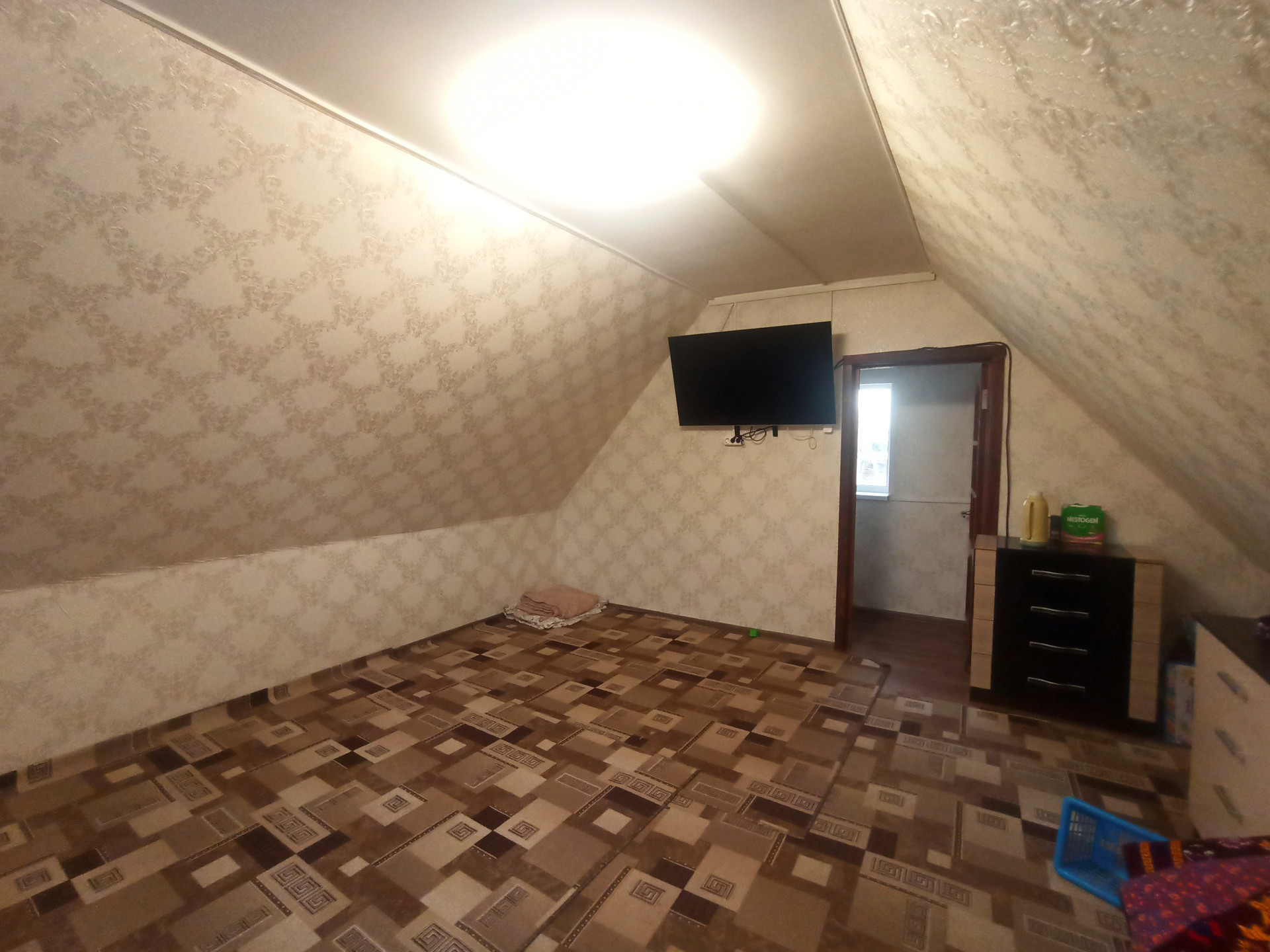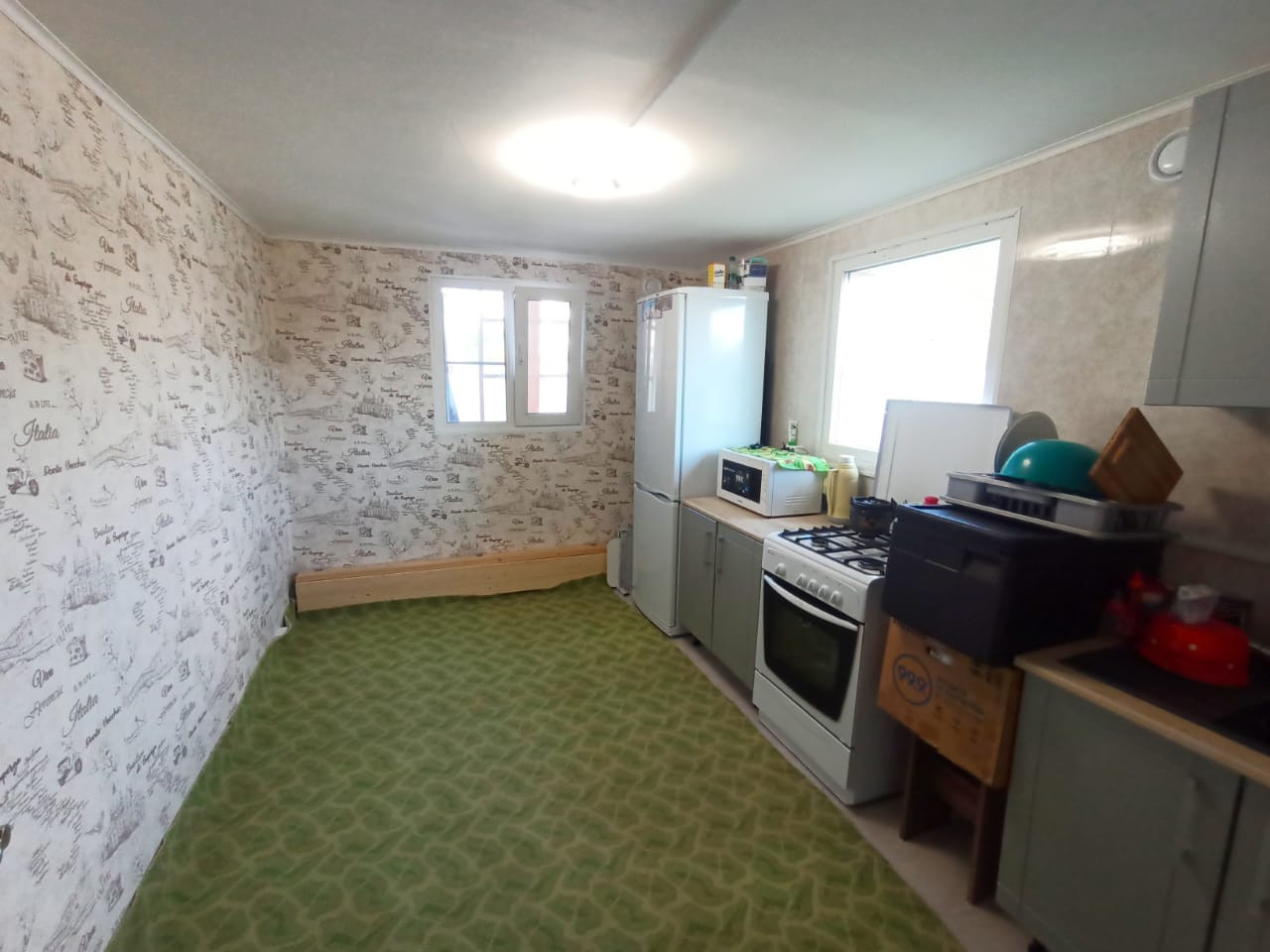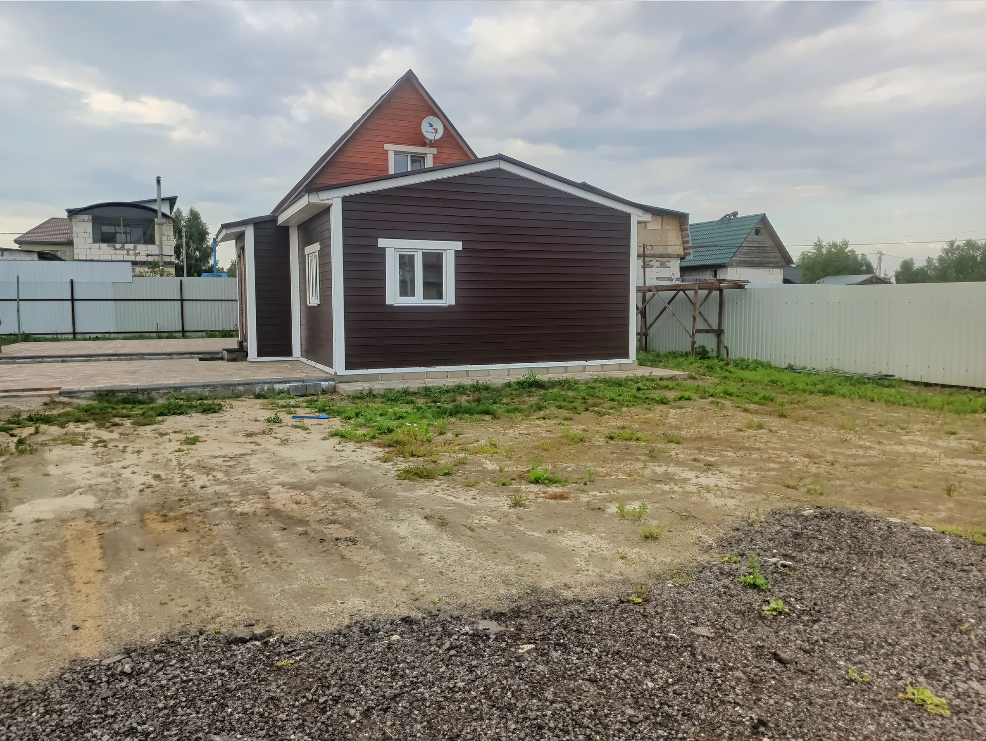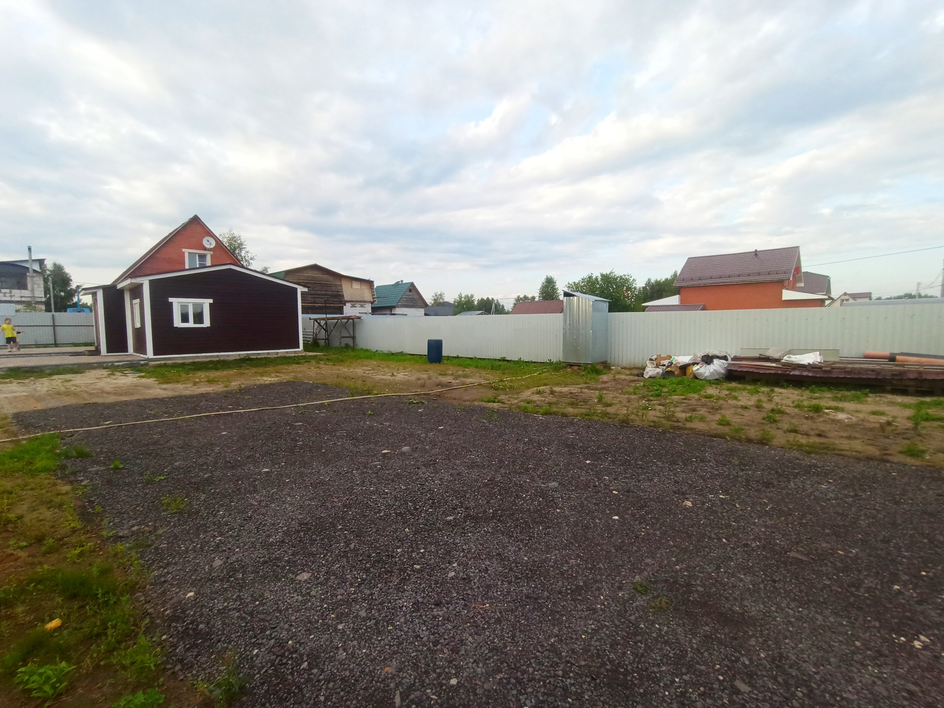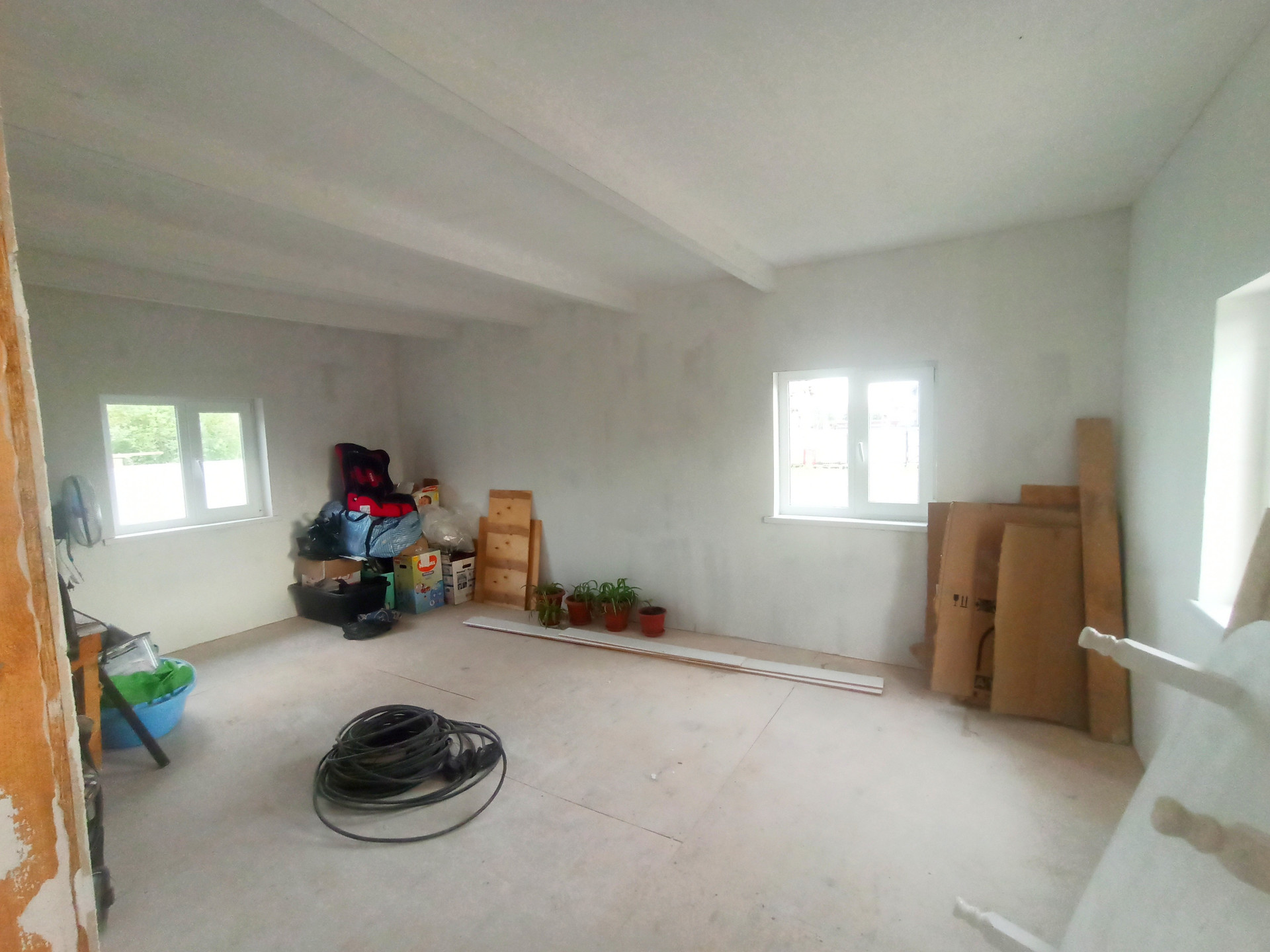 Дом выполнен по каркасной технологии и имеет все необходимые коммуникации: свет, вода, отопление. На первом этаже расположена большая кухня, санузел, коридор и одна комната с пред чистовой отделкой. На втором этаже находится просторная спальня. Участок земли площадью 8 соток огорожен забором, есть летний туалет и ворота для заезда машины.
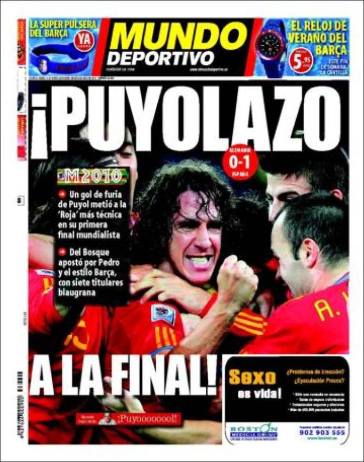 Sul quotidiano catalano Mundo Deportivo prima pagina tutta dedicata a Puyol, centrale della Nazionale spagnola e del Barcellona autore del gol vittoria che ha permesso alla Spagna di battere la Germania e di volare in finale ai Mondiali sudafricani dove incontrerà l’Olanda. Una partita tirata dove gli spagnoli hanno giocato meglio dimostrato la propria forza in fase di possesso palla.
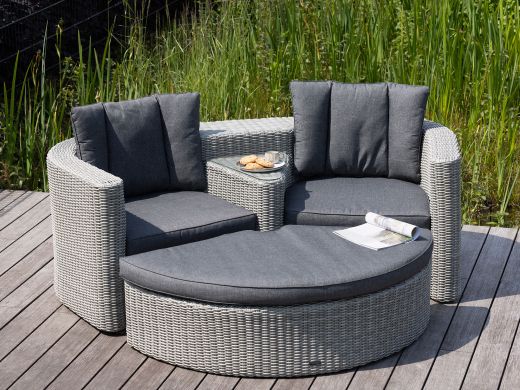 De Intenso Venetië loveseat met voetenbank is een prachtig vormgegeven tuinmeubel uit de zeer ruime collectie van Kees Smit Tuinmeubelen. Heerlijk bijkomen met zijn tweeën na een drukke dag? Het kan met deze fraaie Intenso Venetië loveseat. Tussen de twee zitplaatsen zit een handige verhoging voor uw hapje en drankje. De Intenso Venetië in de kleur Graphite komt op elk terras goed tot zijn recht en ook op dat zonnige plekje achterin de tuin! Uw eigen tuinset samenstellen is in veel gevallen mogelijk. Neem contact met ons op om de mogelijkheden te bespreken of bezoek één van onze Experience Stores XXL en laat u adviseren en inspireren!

→ WORK INSTRUCTIONS
Leave out the pictures, and write out exactly the lines from the one containing "Sul quotidiano catalano" through the last line of the listing, both included.

→ RESPONSE BELOW
 Sul quotidiano catalano Mundo Deportivo prima pagina tutta dedicata a Puyol, centrale della Nazionale spagnola e del Barcellona autore del gol vittoria che ha permesso alla Spagna di battere la Germania e di volare in finale ai Mondiali sudafricani dove incontrerà l’Olanda. Una partita tirata dove gli spagnoli hanno giocato meglio dimostrato la propria forza in fase di possesso palla.
 De Intenso Venetië loveseat met voetenbank is een prachtig vormgegeven tuinmeubel uit de zeer ruime collectie van Kees Smit Tuinmeubelen. Heerlijk bijkomen met zijn tweeën na een drukke dag? Het kan met deze fraaie Intenso Venetië loveseat. Tussen de twee zitplaatsen zit een handige verhoging voor uw hapje en drankje. De Intenso Venetië in de kleur Graphite komt op elk terras goed tot zijn recht en ook op dat zonnige plekje achterin de tuin! Uw eigen tuinset samenstellen is in veel gevallen mogelijk. Neem contact met ons op om de mogelijkheden te bespreken of bezoek één van onze Experience Stores XXL en laat u adviseren en inspireren!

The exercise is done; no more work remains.